If by next Friday the Bolivian Cinema and Audiovisual Development Agency (Adecine) does not honor the debt of two efforts for Ibermedia memberships, Bolivian cinema will be orphaned, without financial support, reported Viviana Saavedra del Castillo, director and producer film and audiovisual executive.
Ibermedia is a program to encourage the co-production and co-development of fiction, documentary and animation films and series, made in the community made up of 23 countries: Argentina, Bolivia, Brazil, Colombia, Costa Rica, Cuba, Chile, Ecuador, El Salvador, Spain, Guatemala, Honduras, Italy, Mexico, Nicaragua, Panama, Paraguay, Peru, Portugal, Puerto Rico, the Dominican Republic, Uruguay and Venezuela.
Saavedra, also director of Bolivia Lab, explained that Bolivia owes some 300,000 dollars to the international organization for adhesions corresponding to the 2021-2022 administrations and, if the debt is not honored, the national cinematography will not enjoy financial support for the projects that They are on the verge of materializing.
The film director reported that the Government, through the Foreign Ministry, promised Ibermedia to settle the debt in the first quarter of this year, that is, until March 31, an obligation that has not been fulfilled to date, which is why the film producers decided to send notes of support directly to President Luis Arce Catacora.
“Germán Monge (Adecine’s director) began the process at the Ministry of Culture and this is referred to Foreign Relations and this goes to the Ministry of Economy, that is the route of the process for payment, although there is no certainty that the document is in that division,” he said.
Later, he said that Bolivia is in category C of the Ibermedia Program, for which its annual quota reaches 150 thousand dollars.

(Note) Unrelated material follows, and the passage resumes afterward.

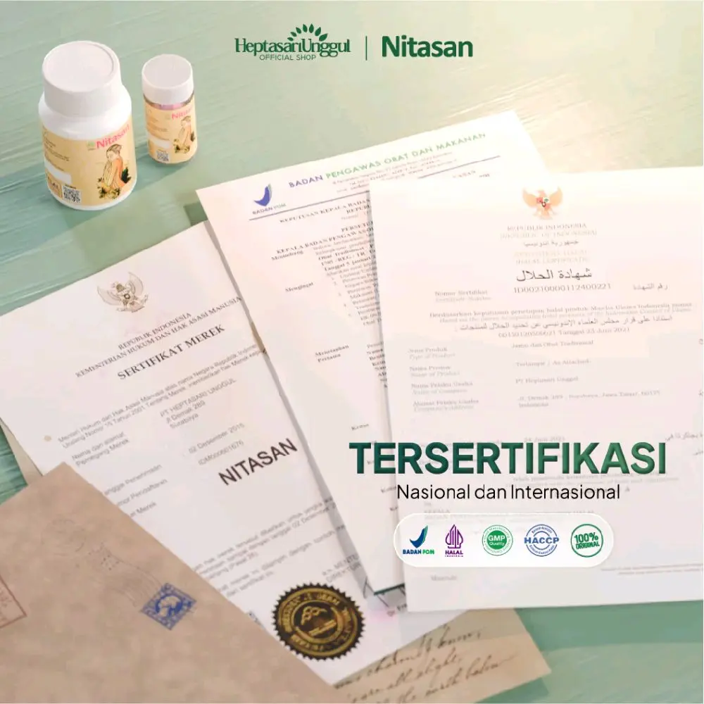 Pastikan Anda memilih NITASAN Original BPOM untuk kesehatan Anda yang aman dan alami. Tersedia dalam kemasan 50 kapsul.

“Bolivia is among the countries with the least quotas; Those 150,000 dollars that he contributes in a management go into a common bag, where others put much more money. The total sum is distributed to the projects that are endorsed by the Technical Unit of the international organization”, he maintained in time to point out that in recent years Bolivian cinema has received double what it contributes each year.
“Without these resources, we disappear from the map in the international context, since films like Utama, which have won so many awards, among others, documentaries, fiction, have received funds from Ibermedia and have allowed them to shoot their films,” said Saavedra.
Later, he reported that four to five national films are favored each time Ibermedia’s financial support is given.
Meanwhile, film producers remain on the lookout, confident that the Government will disburse the economic resources in the following days.